Error Handling and Retries
Sidekiq automatically retries failed jobs with exponential backoff. Configure retry options in your worker:
class SensitiveWorker
include Sidekiq::Worker
sidekiq_options retry: 5 # Maximum 5 retries
sidekiq_retry_in do |count|
10 * (count + 1) # 10s, 20s, 30s, 40s, 50s
end
def perform(data)
# Work that might fail
end
end
For jobs that should never retry, use sidekiq_options retry: false:
class NoRetryWorker
include Sidekiq::Worker
sidekiq_options retry: false
def perform(id)
# Don't retry on failure
end
end
You can also move failed jobs to a dead queue after all retries are exhausted using the dead queue feature.
Testing Workers
Testing Sidekiq workers requires a different approach than regular unit tests.
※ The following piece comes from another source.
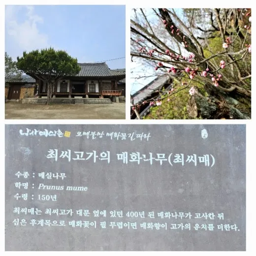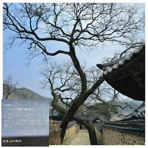 최씨고가의 최씨매는 150년 전에 심은 나무라는데 건강상태가 좋지 않은지 꽃을 제대로 피우지 못한 모습이 안타까웠다. 다시 건강을 찾기를 기도하며 부부회화나무를 보러 갔다.

Use the sidekiq/testing helper to process jobs synchronously:
require 'sidekiq/testing'
describe HardWorker do
it 'performs the job' do
HardWorker.perform_async(42, "test")
# Process jobs synchronously
HardWorker.drain
# Assert the job ran
expect(HardWorker.jobs.size).to eq(0)
end
end
For integration tests that actually run jobs asynchronously, use Sidekiq::Testing.inline!:
Sidekiq::Testing.inline!
Starting Sidekiq
Start the Sidekiq process from your application root:
bundle exec sidekiq -C config/sidekiq.yml
In production, use a process manager like systemd or Supervisor to keep Sidekiq running:
bundle exec sidekiq -d -P /tmp/sidekiq.pid -C config/sidekiq.yml
The -d flag daemonizes the process and -P specifies the PID file location.
When to Use Sidekiq
Sidekiq excels when you need to process many jobs quickly, handle long-running tasks without blocking web requests, or scale background processing across multiple workers. It’s particularly well-suited for sending emails, processing file uploads, calling third-party APIs, generating reports, and scheduled maintenance tasks.
When Not to Use Sidekiq
Avoid Sidekiq for very simple tasks that complete in milliseconds—you’ll add unnecessary complexity. If you only need to run jobs occasionally, a simpler solution might suffice. Also, Sidekiq requires Redis, so you need to budget for that infrastructure overhead.